Abstract
Shooting in an overlapping fashion is called blended or simultaneous acquisition. This can make acquisition efficient and economical. However, deblending (i.e. the process of separating the blended data) of data can be challenging.
Blended seismic data can be acquired in a number of different configurations. Examples are a shooting vessel follows the tail buoy of a conventional streamer vessel or a shooting vessel and conventional vessel are parallel. One can also vary the signal strengths and frequency bands of the sources for the two vessels. In this way both shallow and deep resolution can be improved as low frequency waves penetrate deep as compared to high frequency waves.
In this thesis I have tried various conventional seismic processing techniques (like tau-p transformation, FK filtering, SVDMUL, Time-frequency Denoising, and FX prediction) to deblend or separate the blended data. I used several datasets (one real and 2 synthetic), with different geometries, but all the datasets have same acquisition design in which one vessel is in front of the streamer and the other is behind the streamer cable.
I tried to separate or deblend the data either on the bases of their dips, or alternatively by transforming the deblending task into that of denoising. Events related to the shooting vessel appear as random noise in Common depth (CDP), common receiver (CR) and Common offset domain (CO). SVDMUL and TFDN methods are then applied in the CO and CDP domains respectively.
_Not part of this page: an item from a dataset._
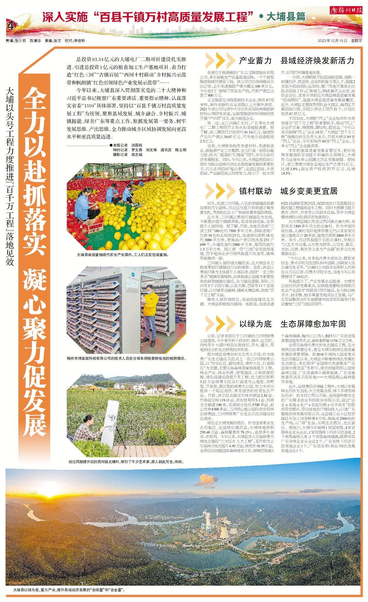 今年以来,大埔县深入贯彻落实党的二十大精神和习近平总书记视察广东重要讲话、重要指示精神,认真落实省委“1310”具体部署,坚持以“百县千镇万村高质量发展工程”为统领,聚焦县域发展、城乡融合、乡村振兴、城镇提能、绿美广东等重点工作,狠抓发展第一要务,树牢发展思维、产出思维,全力推动城乡区域协调发展向更高水平和更高质量迈进。

I found that the best deblending results were obtained using SVDMUL (Singular-value decomposition approach) for all data sets. SVDMUL is used iteratively and the deblended result is gradually built up. This method performed superior compared with deblending based on TFDN, FK or tau-p coherency filtering. The tau-p transformation based method showed significant problems in areas of strong or conflicting dips. The efficiency of TFDN and SVDMUL methods are based on the time jitter between the shots from to the conventional vessel and shooting vessel. If too small the techniques from worse.